Japanese oil and gas producer Inpex on Friday chose Darwin as the site for a $24 billion gas processing plant that it had initially planned to build in WA’s north to process gas shipped from its Browse Basin Ichthys gas field.
The Chamber of Commerce and Industry WA said the decision not to build the plant on the Maret Islands, about 200km north of Broome, was a huge blow for the state and would deprive it of about $50 billion of income.
WA Premier Colin Barnett said on Friday he hoped to lure Inpex back but conceded it was “a long shot”.
Barnett said the Darwin site added more than $800 million to the project’s cost and would increase its greenhouse gas emissions by at least 10 per cent because of the need to compress and pump the gas through an 850km pipeline.
He said Inpex chose Darwin after becoming “extremely frustrated” trying to get federal and state agreements on a site in the pristine WA Kimberley region.

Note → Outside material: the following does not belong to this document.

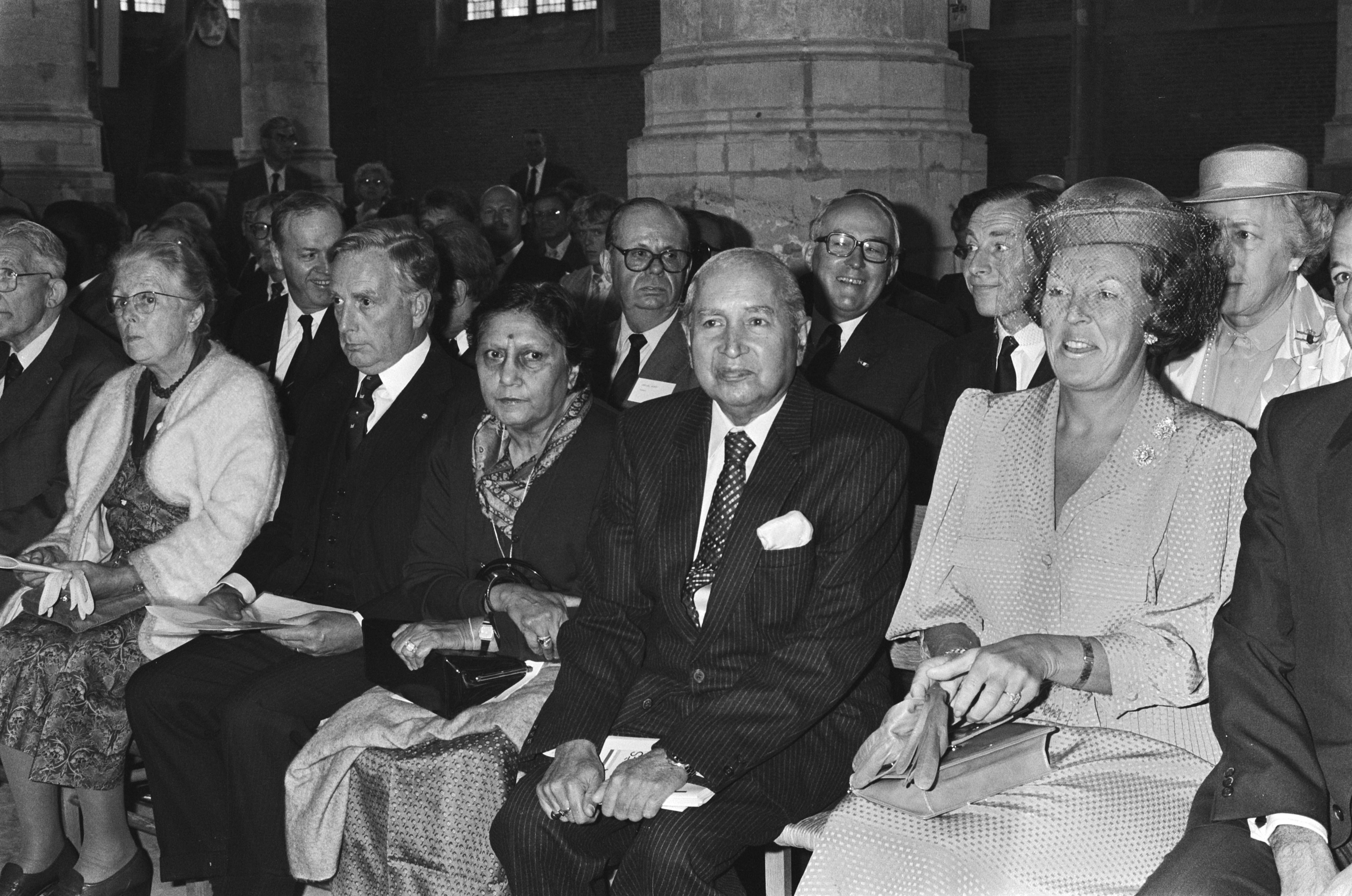 Congress of the International Association of Lawyers (UIA) in Den Haag 1985. From right to left: Queen Beatrix of the Netherlands, Nagendra Singh (president of the International Court of Justice), Mrs. Singh, Frits Korthals Altes (Dutch Minister of Justice).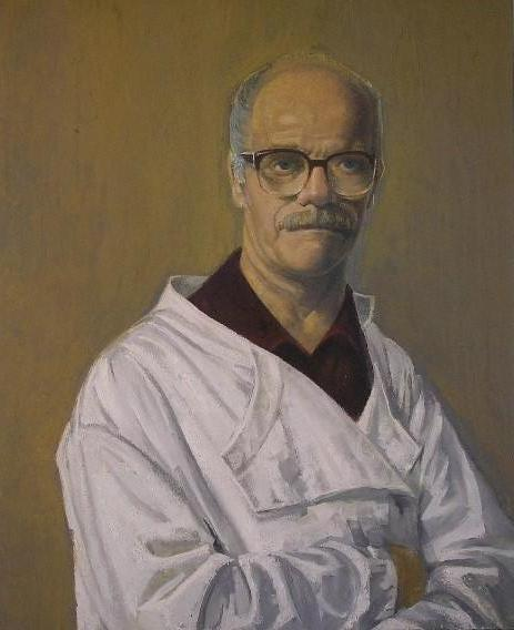 Self-portrait of Manuel Pereira da Silva.

The Browse Basin is also home to a major proposed Woodside Petroleum Ltd LNG project
In 1998, INPEX acquired the WA-285-P exploration permit located in the Browse Basin, approximately 450 kilometres north of Broome and 850 kilometres south-west of Darwin, off the north-west coast of Western Australia.
In 2000, three exploratory wells resulted in the discovery of an extremely promising gas and condensate field now known as Ichthys. In 2006 INPEX transferred a 24% working interest in Ichthys to Total E&P Australia.
INPEX is now the Operator of the Ichthys Joint Venture.
The Ichthys Field measures approximately 40 kilometres by 20 kilometres and is one of Australia’s largest undeveloped gas fields, with reserve estimates of 12.8 trillion cubic feet of gas and 527 million barrels of condensate and an expected operational life of over 40 years.
The joint venture is now working towards the commercialisation of this resource and on 26 September 2008 announced that it had selected Middle Arm Peninsula at Blaydin Point in Darwin Harbour in the Northern Territory, to develop a liquefied natural gas processing facility.
The project will carry out front-end engineering design (FEED) as the joint venture works towards making a final investment decision in 2009 and delivering its first LNG shipment in 2014 or 2015.